**Problem statement:** In the entries below, find the line with "広い専用トイレと硝子タイルのかわいい洗面台。洗面鉢は益子焼です。" and the line with "- 未使用 レノマ メンズ". Repeat exactly everything between them, those two lines included, but not the pictures.

**Dataset records:**
..........

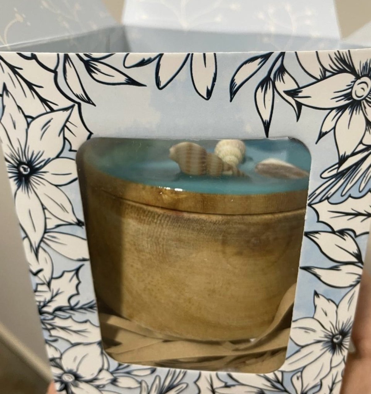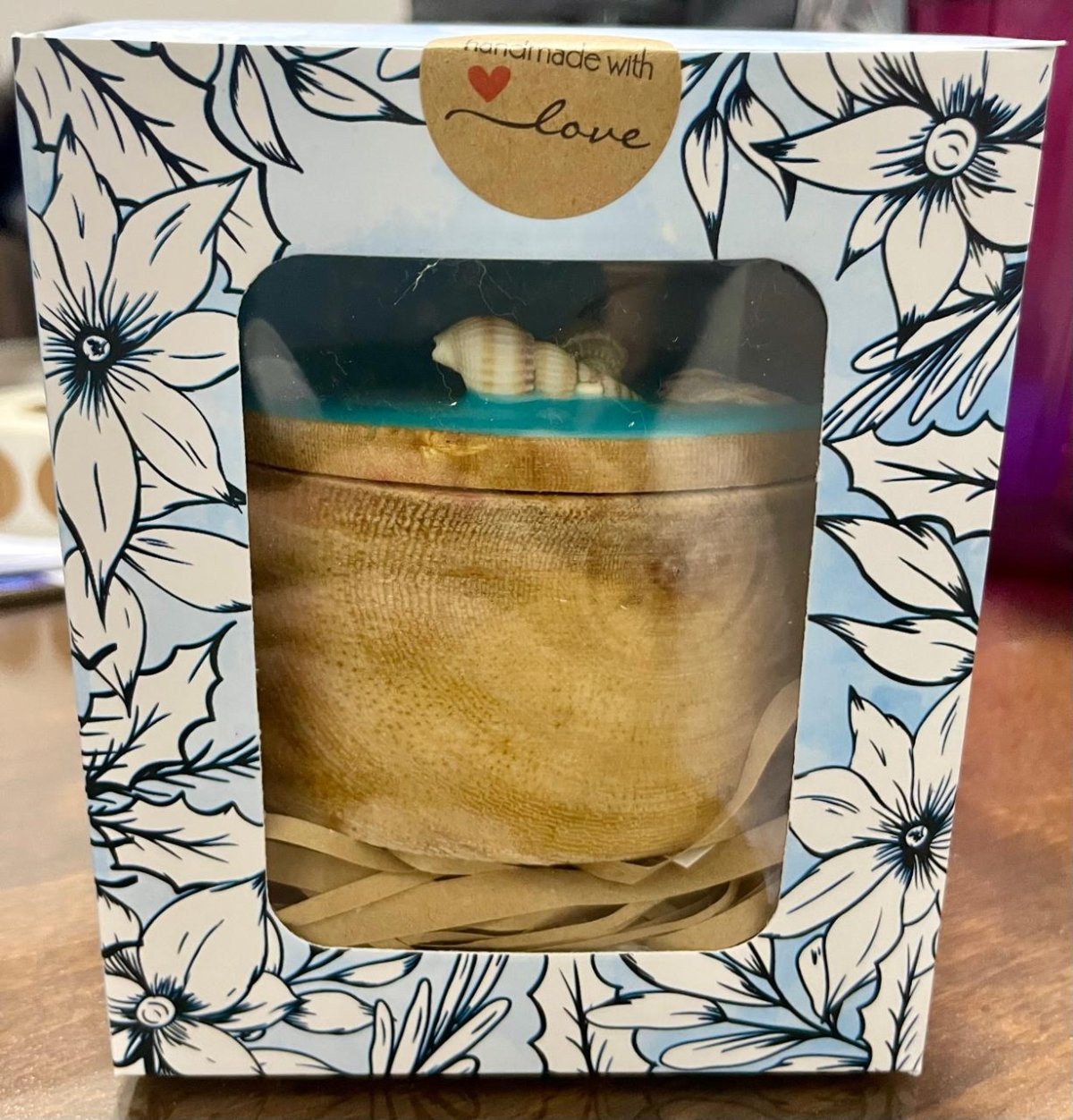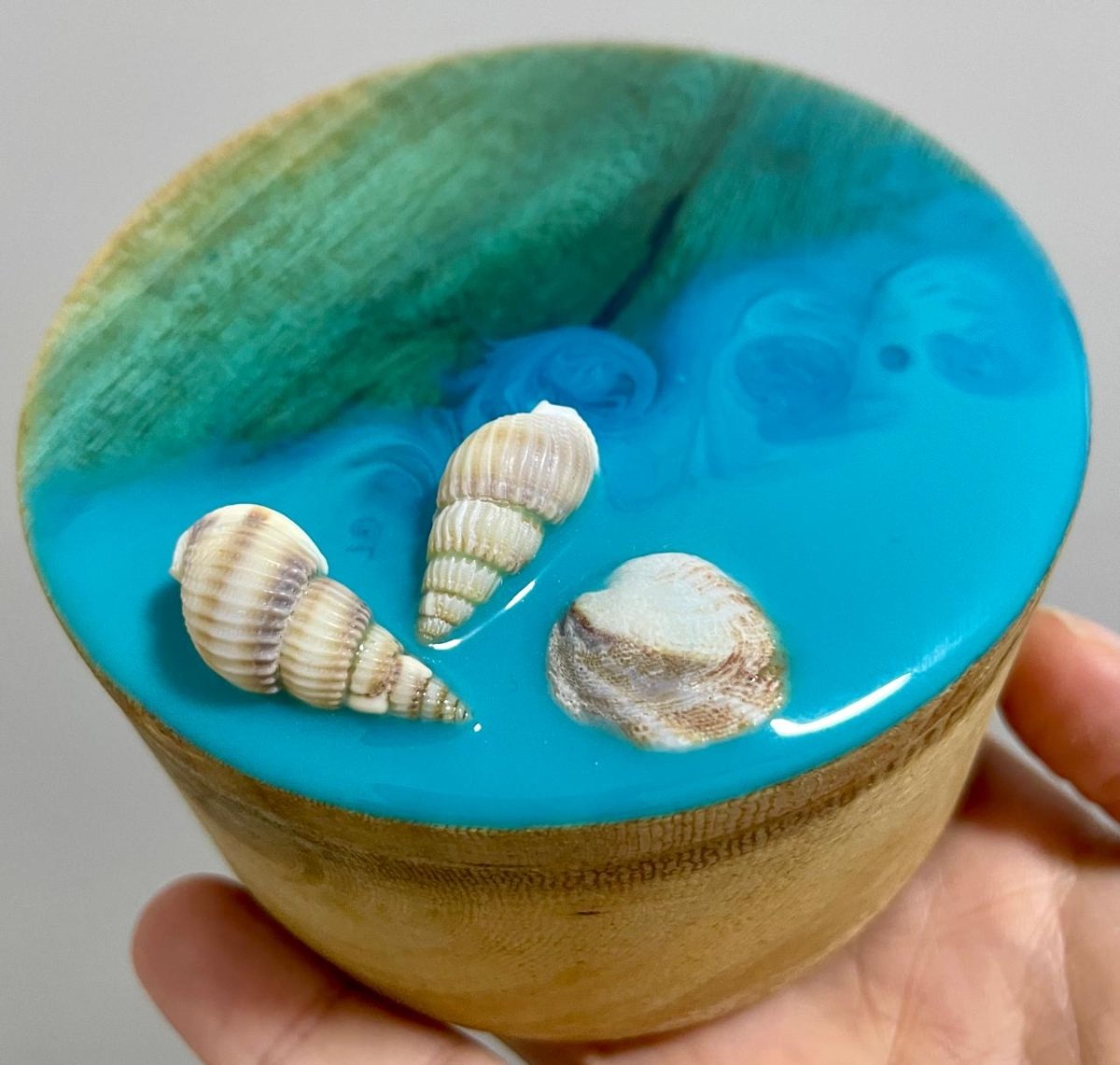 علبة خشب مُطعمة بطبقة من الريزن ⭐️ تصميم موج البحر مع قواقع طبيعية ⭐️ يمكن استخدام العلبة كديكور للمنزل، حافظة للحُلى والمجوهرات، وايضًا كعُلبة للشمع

..........

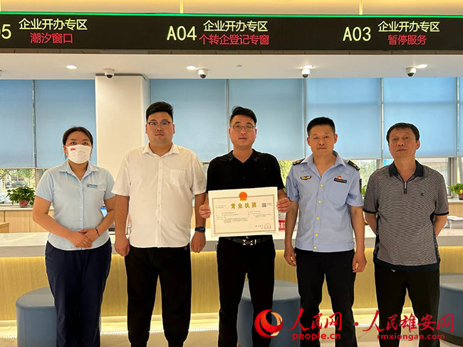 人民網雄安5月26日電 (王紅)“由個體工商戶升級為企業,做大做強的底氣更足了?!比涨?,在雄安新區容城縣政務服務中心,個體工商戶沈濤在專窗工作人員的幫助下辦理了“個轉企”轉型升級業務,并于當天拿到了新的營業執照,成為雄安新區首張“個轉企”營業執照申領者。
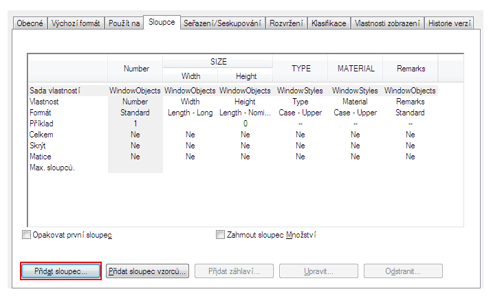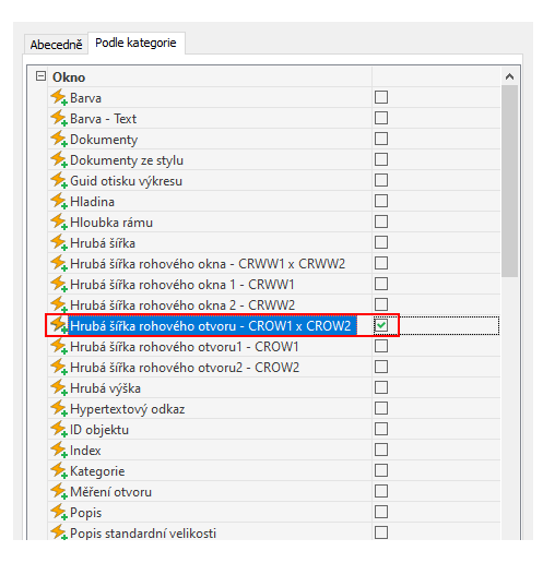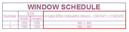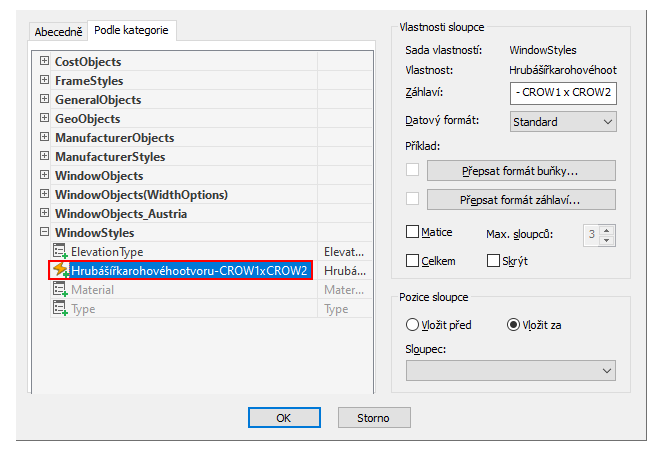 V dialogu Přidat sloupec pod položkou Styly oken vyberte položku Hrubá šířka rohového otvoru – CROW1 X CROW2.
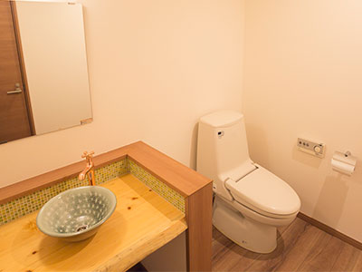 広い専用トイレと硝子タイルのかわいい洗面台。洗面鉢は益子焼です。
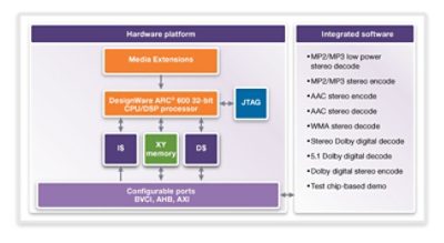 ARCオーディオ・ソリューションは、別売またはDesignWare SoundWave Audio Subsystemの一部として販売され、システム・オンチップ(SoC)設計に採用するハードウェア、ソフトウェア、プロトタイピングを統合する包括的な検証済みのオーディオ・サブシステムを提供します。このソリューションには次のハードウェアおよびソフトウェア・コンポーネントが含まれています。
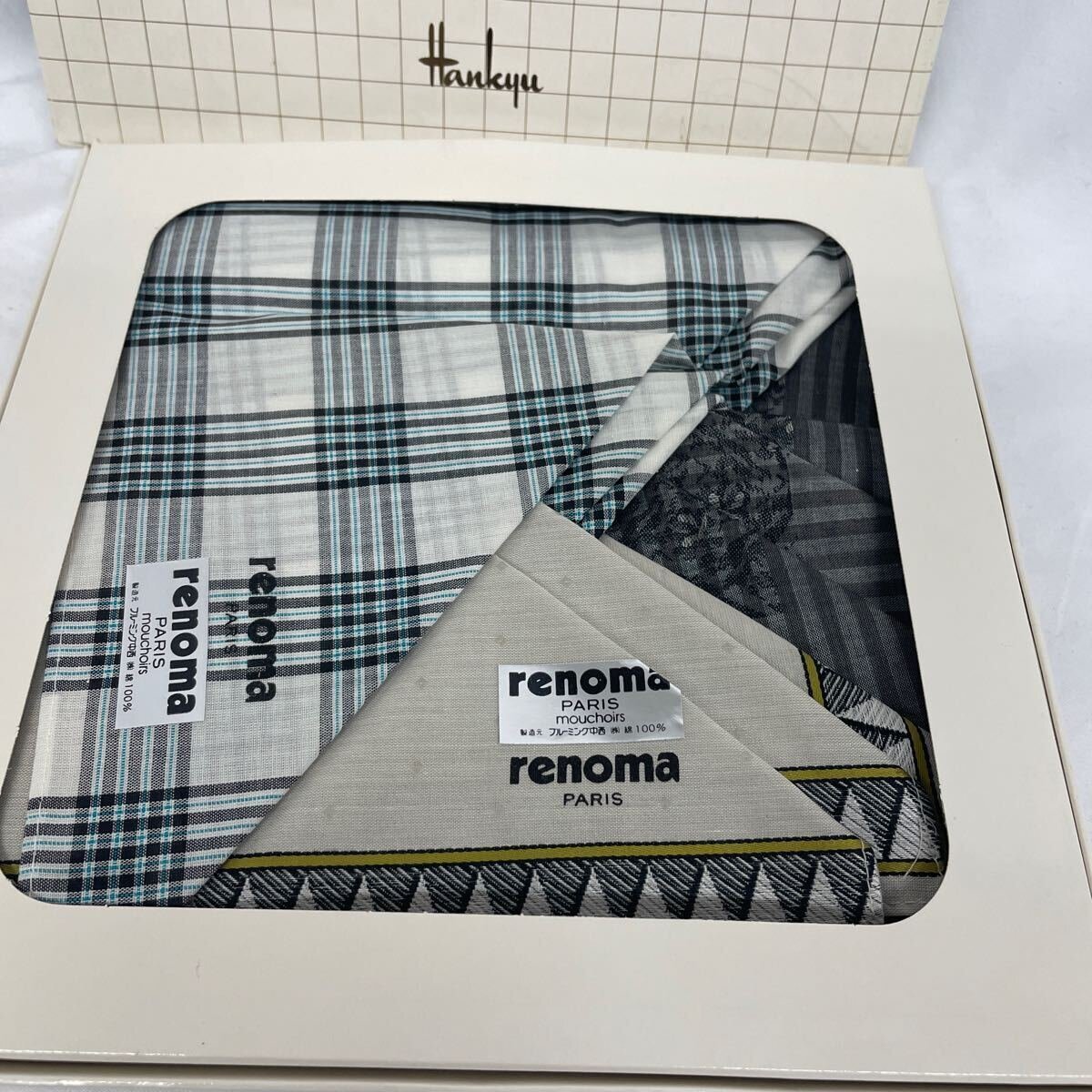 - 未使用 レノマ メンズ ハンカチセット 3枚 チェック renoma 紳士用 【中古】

..........

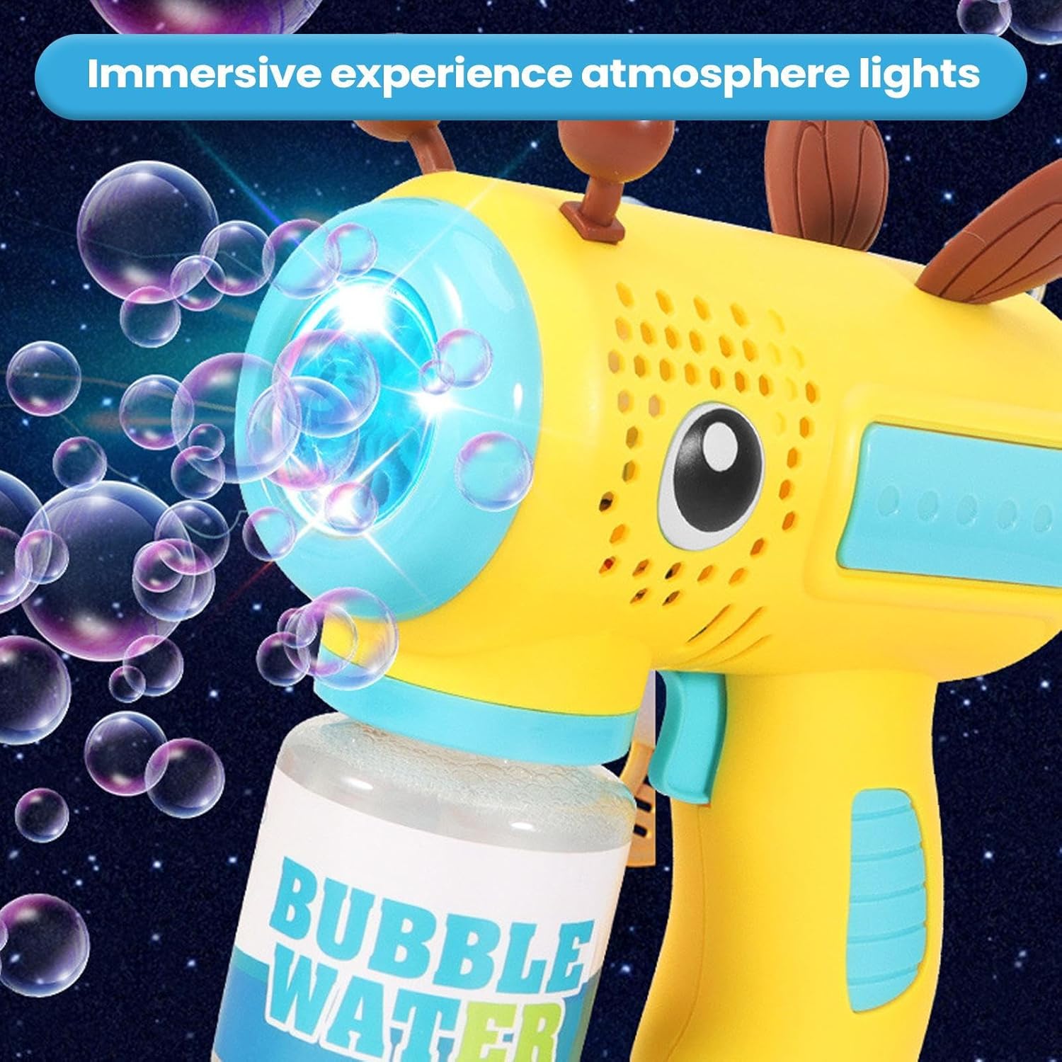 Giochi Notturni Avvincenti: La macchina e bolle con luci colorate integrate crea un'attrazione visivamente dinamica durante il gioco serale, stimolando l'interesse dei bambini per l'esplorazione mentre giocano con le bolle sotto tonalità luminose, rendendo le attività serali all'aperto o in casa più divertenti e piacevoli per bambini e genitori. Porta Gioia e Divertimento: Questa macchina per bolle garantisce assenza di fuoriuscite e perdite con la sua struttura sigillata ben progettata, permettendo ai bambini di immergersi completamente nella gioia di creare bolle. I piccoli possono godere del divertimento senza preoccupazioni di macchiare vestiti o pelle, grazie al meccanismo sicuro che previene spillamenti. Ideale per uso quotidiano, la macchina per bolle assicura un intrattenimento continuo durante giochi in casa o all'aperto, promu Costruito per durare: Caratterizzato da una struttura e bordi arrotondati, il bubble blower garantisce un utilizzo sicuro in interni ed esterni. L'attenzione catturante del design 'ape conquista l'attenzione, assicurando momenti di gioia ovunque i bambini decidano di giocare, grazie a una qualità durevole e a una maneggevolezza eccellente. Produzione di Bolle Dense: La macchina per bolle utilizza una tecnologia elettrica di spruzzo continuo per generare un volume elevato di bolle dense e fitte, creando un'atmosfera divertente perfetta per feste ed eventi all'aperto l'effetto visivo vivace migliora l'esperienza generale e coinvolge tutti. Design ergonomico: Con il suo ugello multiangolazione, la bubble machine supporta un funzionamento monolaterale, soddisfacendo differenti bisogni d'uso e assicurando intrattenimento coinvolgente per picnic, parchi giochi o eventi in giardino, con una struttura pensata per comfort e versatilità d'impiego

..........

**Expected output:**
 広い専用トイレと硝子タイルのかわいい洗面台。洗面鉢は益子焼です。
 ARCオーディオ・ソリューションは、別売またはDesignWare SoundWave Audio Subsystemの一部として販売され、システム・オンチップ(SoC)設計に採用するハードウェア、ソフトウェア、プロトタイピングを統合する包括的な検証済みのオーディオ・サブシステムを提供します。このソリューションには次のハードウェアおよびソフトウェア・コンポーネントが含まれています。
 - 未使用 レノマ メンズ ハンカチセット 3枚 チェック renoma 紳士用 【中古】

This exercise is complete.